EXERCISE DIRECTIONS ->
What the task requires is an exact printout of the listing below, pictures excluded.

SOURCE MATERIAL ->

====

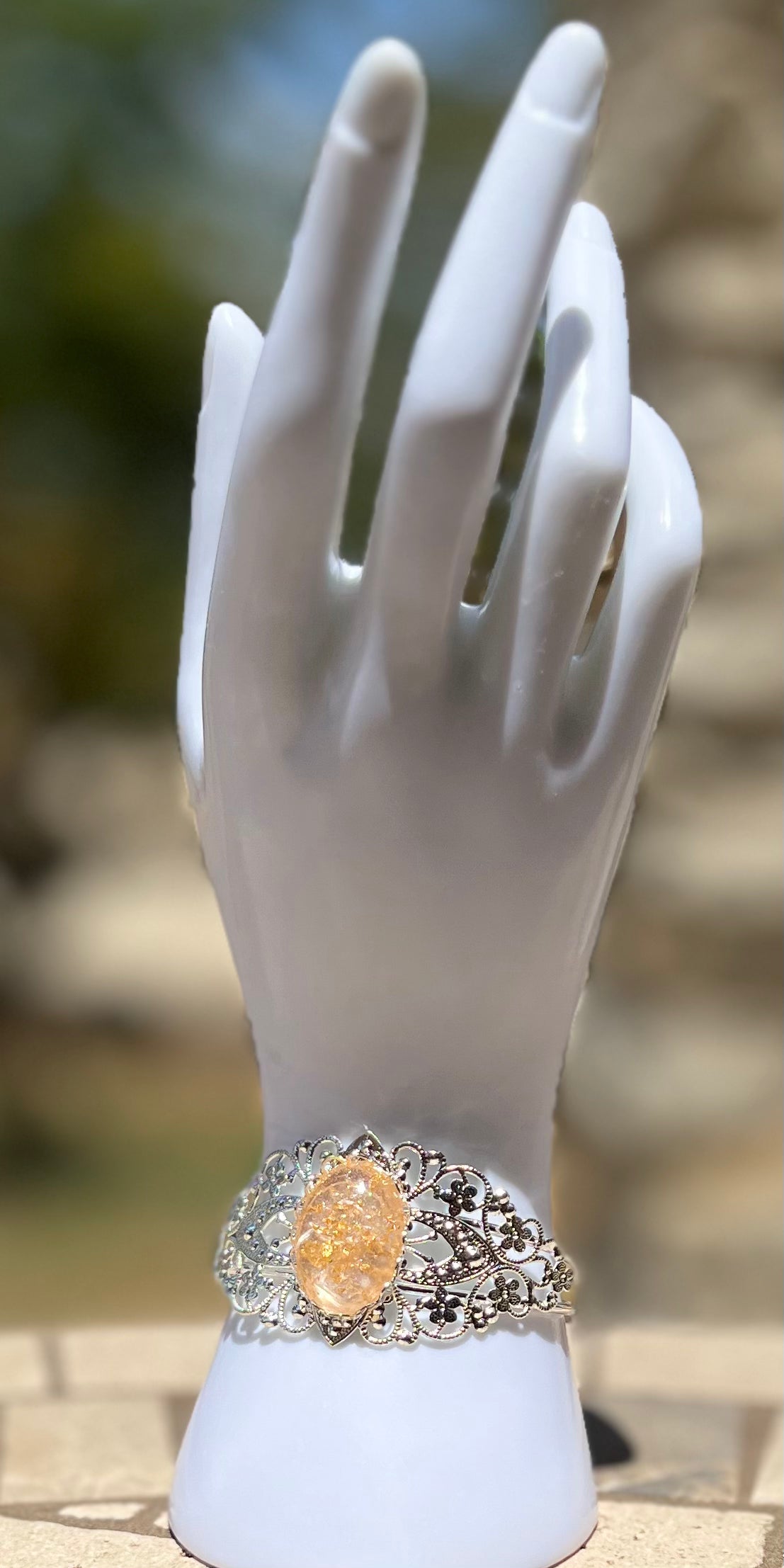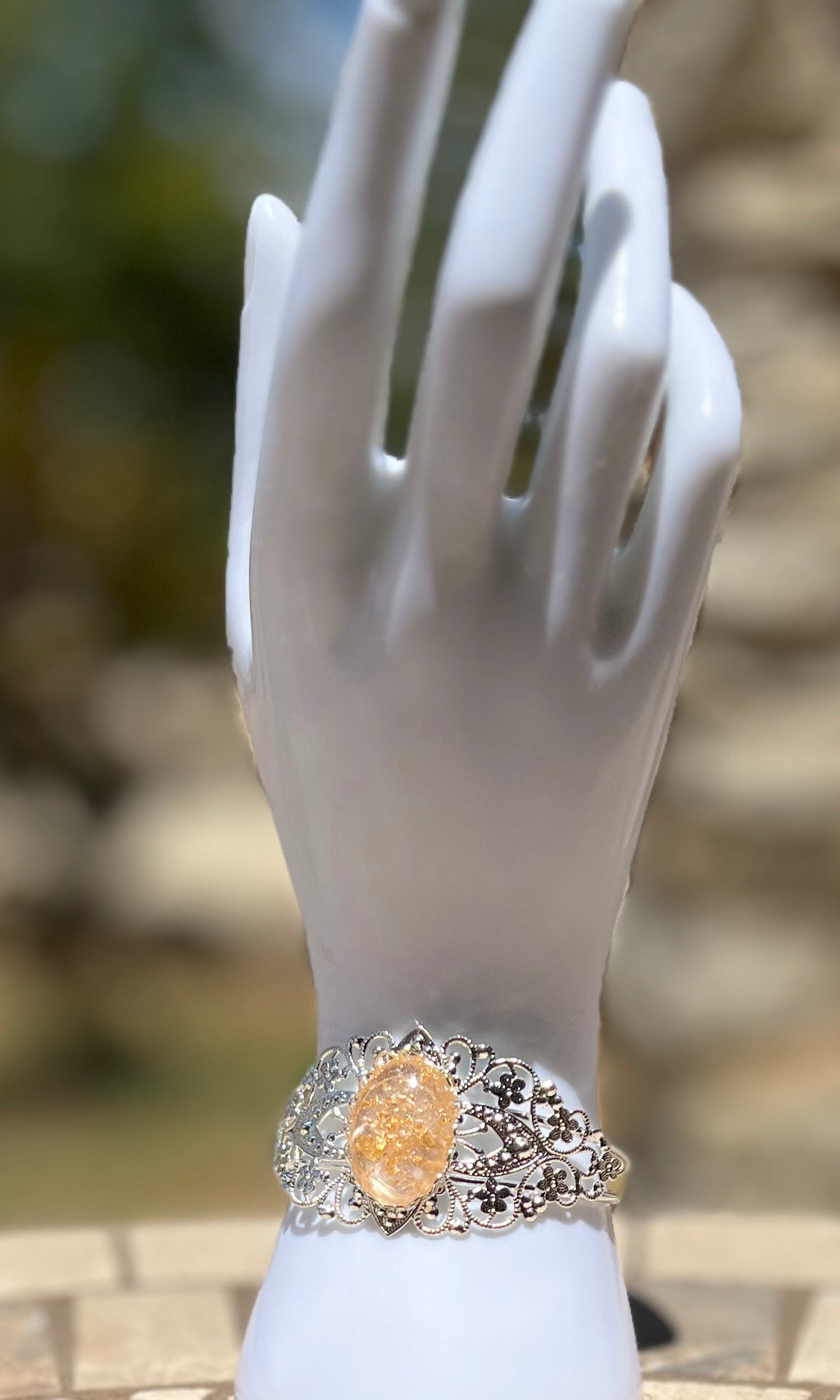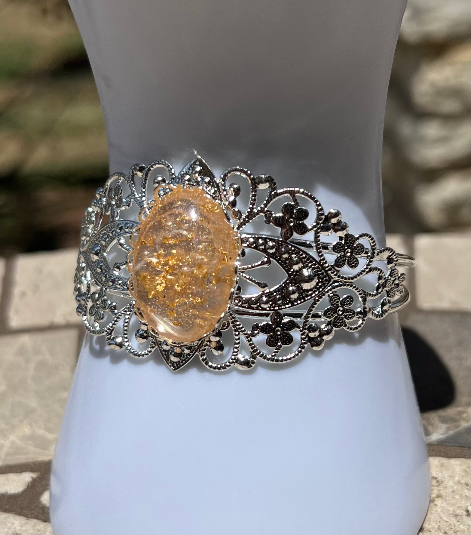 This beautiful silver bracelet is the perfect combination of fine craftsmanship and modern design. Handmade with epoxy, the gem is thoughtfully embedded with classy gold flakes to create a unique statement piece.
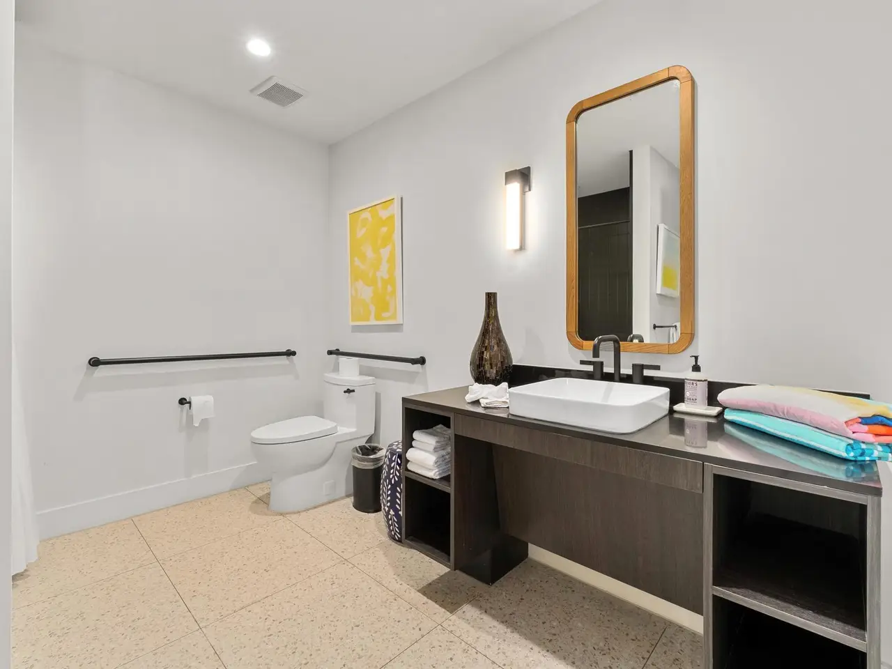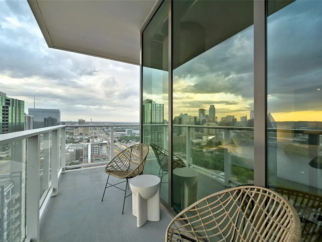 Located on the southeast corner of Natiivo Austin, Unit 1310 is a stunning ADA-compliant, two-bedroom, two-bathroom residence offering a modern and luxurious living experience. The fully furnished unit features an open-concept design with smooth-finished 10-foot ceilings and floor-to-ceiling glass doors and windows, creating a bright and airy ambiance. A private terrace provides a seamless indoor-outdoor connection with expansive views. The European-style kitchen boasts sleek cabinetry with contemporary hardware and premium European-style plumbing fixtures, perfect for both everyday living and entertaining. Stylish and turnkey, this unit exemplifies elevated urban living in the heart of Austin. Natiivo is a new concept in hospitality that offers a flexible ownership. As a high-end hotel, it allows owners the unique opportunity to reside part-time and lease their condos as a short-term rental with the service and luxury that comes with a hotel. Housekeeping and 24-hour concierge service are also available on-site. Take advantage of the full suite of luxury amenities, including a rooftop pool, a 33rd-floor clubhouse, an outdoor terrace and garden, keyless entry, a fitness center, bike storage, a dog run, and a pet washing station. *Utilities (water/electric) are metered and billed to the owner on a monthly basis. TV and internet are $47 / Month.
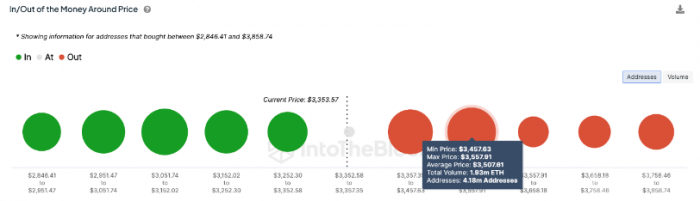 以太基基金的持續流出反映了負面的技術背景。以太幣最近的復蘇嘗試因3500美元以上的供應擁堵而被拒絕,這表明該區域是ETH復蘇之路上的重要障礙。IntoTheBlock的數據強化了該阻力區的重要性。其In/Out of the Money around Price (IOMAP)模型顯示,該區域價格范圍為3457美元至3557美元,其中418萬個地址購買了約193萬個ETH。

====

EXERCISE OUTPUT ->
 This beautiful silver bracelet is the perfect combination of fine craftsmanship and modern design. Handmade with epoxy, the gem is thoughtfully embedded with classy gold flakes to create a unique statement piece.
 Located on the southeast corner of Natiivo Austin, Unit 1310 is a stunning ADA-compliant, two-bedroom, two-bathroom residence offering a modern and luxurious living experience. The fully furnished unit features an open-concept design with smooth-finished 10-foot ceilings and floor-to-ceiling glass doors and windows, creating a bright and airy ambiance. A private terrace provides a seamless indoor-outdoor connection with expansive views. The European-style kitchen boasts sleek cabinetry with contemporary hardware and premium European-style plumbing fixtures, perfect for both everyday living and entertaining. Stylish and turnkey, this unit exemplifies elevated urban living in the heart of Austin. Natiivo is a new concept in hospitality that offers a flexible ownership. As a high-end hotel, it allows owners the unique opportunity to reside part-time and lease their condos as a short-term rental with the service and luxury that comes with a hotel. Housekeeping and 24-hour concierge service are also available on-site. Take advantage of the full suite of luxury amenities, including a rooftop pool, a 33rd-floor clubhouse, an outdoor terrace and garden, keyless entry, a fitness center, bike storage, a dog run, and a pet washing station. *Utilities (water/electric) are metered and billed to the owner on a monthly basis. TV and internet are $47 / Month.
 以太基基金的持續流出反映了負面的技術背景。以太幣最近的復蘇嘗試因3500美元以上的供應擁堵而被拒絕,這表明該區域是ETH復蘇之路上的重要障礙。IntoTheBlock的數據強化了該阻力區的重要性。其In/Out of the Money around Price (IOMAP)模型顯示,該區域價格范圍為3457美元至3557美元,其中418萬個地址購買了約193萬個ETH。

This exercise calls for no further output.